Сегодня я представил себе, как первоклассница Кристина получила двойку – первую двойку, даже не за отсутствие знаний по предмету или решенной задачи, а просто за то, что смотрела в глаза нервному и отягощенному личными проблемами учителя, смотрела так, как и на меня во время лекции. Она вконец выбила его из колеи, не давая вести урок своим магнетическим взглядом.
Вечер того же дня
Дописал новую главу в своей книге. «Ледяные пальцы убийцы сдавили тонкую шею молодой жертвы. В ее глазах, оказавшихся напротив его непроницаемой черной маски с прорезями, застыл ужас. Она не пыталась защититься, чувствуя свою обреченность…»
Следующую жертву он убил новым способом: «В сумраке осеннего вечера Антон натравил огромную охотничью собаку на вышедшую из подъезда своего дома девушку. В темноте девушка не сразу заметила летящего на нее разъяренного пса. Собака вцепилась зубами в горло своей добычи, стиснула челюсти, еще более взбесившись от запаха крови…»
Я впервые за всю практику написания детективных романов испугался того, что´ я написал. Я не являюсь человеком впечатлительным, нервным. Просто я представил себе, что на месте той рядовой девушки могла оказаться Кристина. Вдруг Антон ошибся, не разглядел совершенство в сумраке вечера? А вдруг он ошибется в следующий раз?.. О чем я думаю, как могу бояться этого: я же сам автор этого сюжета!
Середина сентября
Все бесконечно банально, – так я написал в тетради, которая уничтожена.
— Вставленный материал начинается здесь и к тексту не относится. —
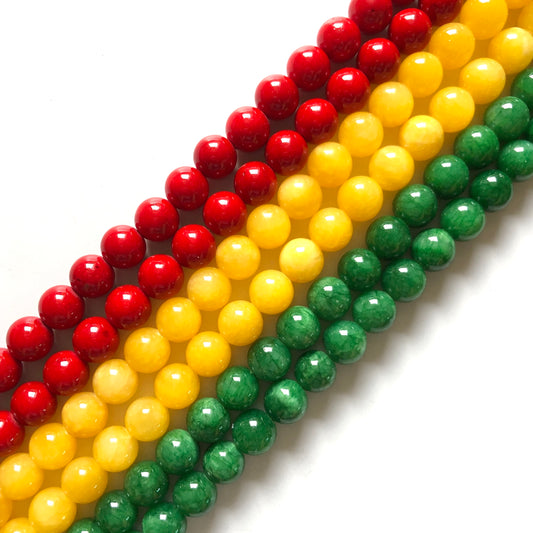 2 Strands/lot 8/ 10/12mm Red Yellow Green Black Jade Round Stone Beads for Black History Month Juneteenth Awareness
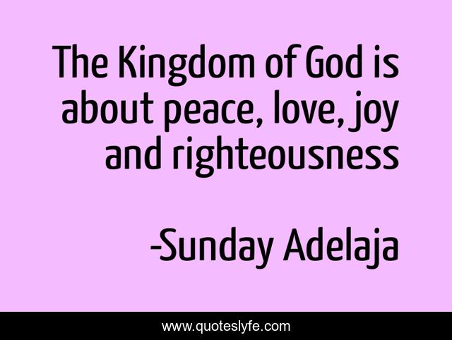 This page presents the quote "The Kingdom of God is about peace, love, joy and righteousness". Author of this quote is Sunday Adelaja. This quote is about righteousness-of-christ, righteous, life, blessing, love, finance, joy, peace, righteousness,.
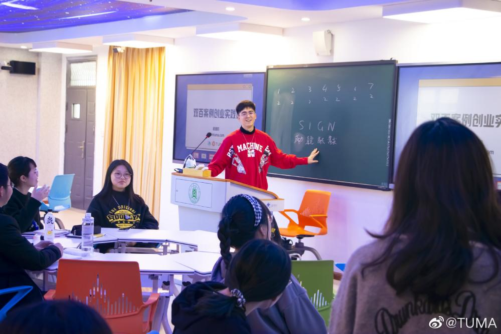 第一次课(3月16日5-6节)、第二次课(3月23日5-6节)由本校英语专业应届毕业生戚继昀讲授。他在学习期间成功创办了土马(武汉)网络科技有限公司,创立了自己的微信公众号TUMA。不仅讲授了自己作为一个英语专业大学生创办网络科技公司的经历和体会,提出创业初期必须具备的几大要素等。对于大家热议的“大学生是否应该创业”这个问题,他没有直接给出答案,而是出了一个辩题“家境普通,但是很有想法,该不该在大学期间选择创业?”启发同学们进行思考,并分组从正方和反方展开激烈辩论,然后根据辩论情况进行总结。通过这次辩论,学生们明白创业不仅可以是一些投资非常巨大的项目,也可以是一些投入很小的小本买卖,更重要的是创业要紧跟时代步伐,要抓住时代风潮,与时俱进。
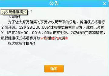 为了能让大家更健康的享受农牧场带来的乐趣,健康模式将进行全面的升级,12月28日00:00起健康模式将暂停设置,此请已经设置的用户在28的00:00-6:00间正常生效。为功能的完善和稳定,新版健康模式将逐步开放,谢谢您的支持!祝大家新年快乐!
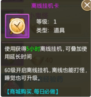 离线挂机卡:使用后可额外增加挂机时长。
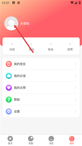 2、在显示有【我的宠豆-我的云宠-我的点赞】的页面中,点击【去登录】按钮,即可进入账号登录的操作界面。
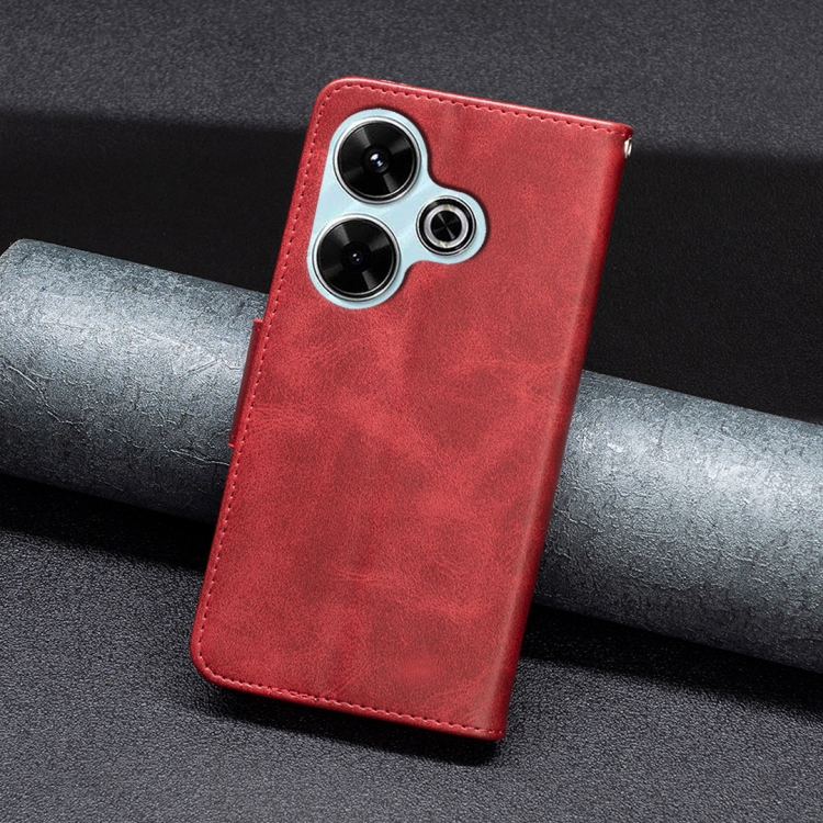 Para Xiaomi Poco M6 4G / Redmi 13 4G Funda para Teléfono de Cuero con Tapa de Color Puro con Textura de Piel de Cordero (Rojo)

Но сейчас моя точка зрения изменилась: обдумывая сейчас события того времени, я нахожу их настолько интересными, насколько неожиданными для меня.
«Человеческий мозг – самая уникальная живая материя в познанном мире, и ее способность получать, систематизировать и хранить данные в объеме, значительно превышающем жизненные потребности, удивительна…»,* - прочитал я цитату на очередной лекции. Кристина сидела напротив меня, на расстоянии не более полутора метров, то пронизывающе (или мои нервы так воспринимали ее взгляд) смотря на меня в упор, то делая записи в тетради.
Я продолжал говорить на ту же тему, зная, что моя лекция не страдает от того, что я думаю абсолютно о другом. Теперь я в уме рассматривал как предмет исследования – Кристину, а не что-либо привычное для всех. Ее аура менялась с каждым мгновением. Ее черты расплывались: она то плавилась от высоких температур, то испарялась, превращаясь в пар, после чего возвращались ей и ее привычное агрегатное состояние, и облик… Ее мозг мне представился в виде горы с настолько крутыми склонами, что на вершину подняться без подъемных или летательных аппаратов человеку не представлялось возможным.
Сейчас я думаю, что уже тогда, в сентябре догадывался о том, что интеллект Кристины гораздо сложнее, чем я представлял в самом начале, после первой встречи с ней и еще какое-то время.
Конец сентября – начало октября
Я не высыпаюсь вторую неделю: мне снится она, я никак не могу отделаться от этих снов. Я понимаю, что это закономерно – я постоянно занят мыслями о ней: видя ее среди толпы студентов, проверяя ее контрольные работы.
Небольшое отступление по поводу ее почерка. Он легко читается; буквы, образуя единое слово, не перестают быть самими собой; ее строчки ложатся ровно на чистый лист, параллельно его верхнему и нижнему краям. Это показывает ее еще раз как человека правильного, не склонного к крайностям. Я проверял не столько суть ее работы, заранее зная, что оценка не будет ниже, чем «отлично», сколько обращал внимание на всякие нюансы: опять же почерк, фигурные царапины от длинных ногтей на полях, словно выделявшие ключевые моменты текста, манера зачеркивать неверное слово едва ли не абсолютно прямой линией. Я представлял себе Кристину, одиноко сидящей в своей пустой квартире, склонившуюся над этими листами контрольной работы…
И после этого мне снились ужасные кошмары, связанные с ней: Антон нацелил на нее свой пистолет или замыслил совершить убийство этой девушки каким-то другим способом, словно он – отдельный человек, а не плод моего воображения…
Днем я продолжил писать свой роман. Я не мог остановиться: я писал страницу за страницей, где Антон убивал и убивал своих беззащитных жертв. А я стал уже искать компромисс – другой способ создания совершенного мира…
Новое число октября
Я сам совершил нечто вроде преступления: я поставил за устный ответ Кристине оценку «удовлетворительно», хотя, конечно же, она ответила на «отлично». Я обосновал это тем, что она якобы не раскрыла тему полностью. Я велел ей придти после лекции и пересдать. Она не опротестовала это и пришла. В пустом лекционном зале мы были одни. Впервые за два с половиной десятка последних лет я позволил чувствам настолько оттеснить голос моего разума. Да, как бы я ни считал себя непримиримым с существованием у себя чувств, все-таки должен себе признаться в том, что в последние недели они часто заявляют о себе. Я воспользовался таким простым предлогом именно для того, чтобы побыть наедине с Кристиной.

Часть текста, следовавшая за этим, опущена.